• _Work task_
Exactly reproduce the lines from the one containing "und gilt nicht" through the last line of the data, both ends included, leaving out pictures.

• _Source material_

• • •

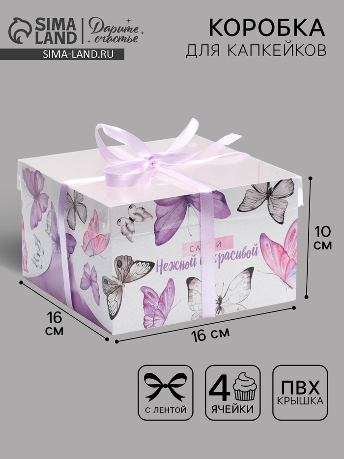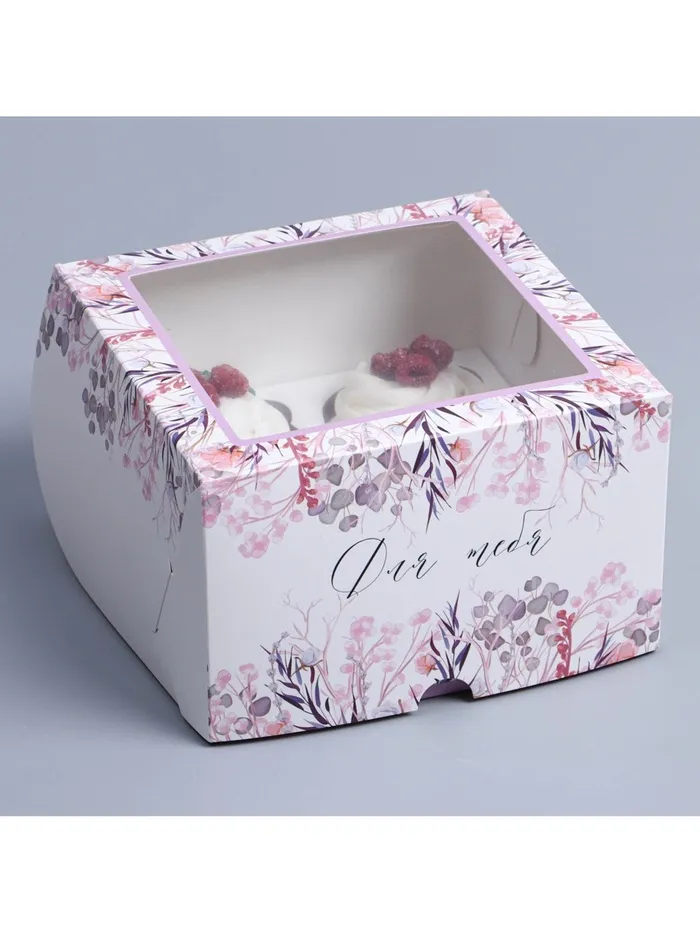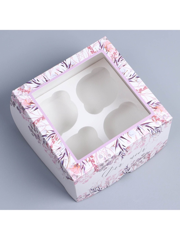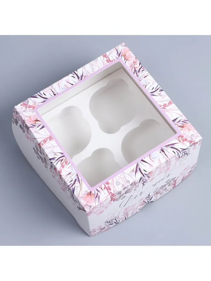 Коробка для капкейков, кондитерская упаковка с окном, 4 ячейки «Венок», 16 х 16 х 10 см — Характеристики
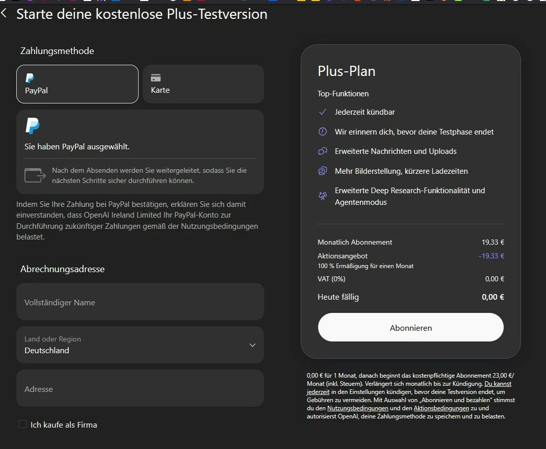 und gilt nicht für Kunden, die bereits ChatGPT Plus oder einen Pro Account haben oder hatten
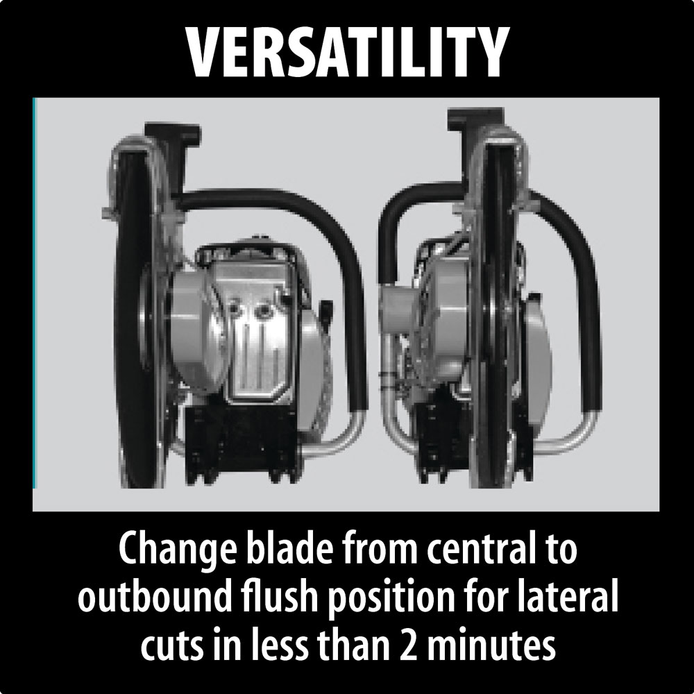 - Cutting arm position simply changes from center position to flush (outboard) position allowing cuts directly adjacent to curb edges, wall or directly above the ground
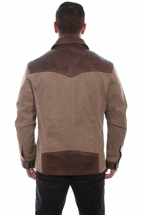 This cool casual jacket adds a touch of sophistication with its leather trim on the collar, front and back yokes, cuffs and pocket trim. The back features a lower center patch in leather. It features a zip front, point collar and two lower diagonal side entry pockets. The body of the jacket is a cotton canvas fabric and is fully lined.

• • •

• _Answer to this exercise_
 und gilt nicht für Kunden, die bereits ChatGPT Plus oder einen Pro Account haben oder hatten
 - Cutting arm position simply changes from center position to flush (outboard) position allowing cuts directly adjacent to curb edges, wall or directly above the ground
 This cool casual jacket adds a touch of sophistication with its leather trim on the collar, front and back yokes, cuffs and pocket trim. The back features a lower center patch in leather. It features a zip front, point collar and two lower diagonal side entry pockets. The body of the jacket is a cotton canvas fabric and is fully lined.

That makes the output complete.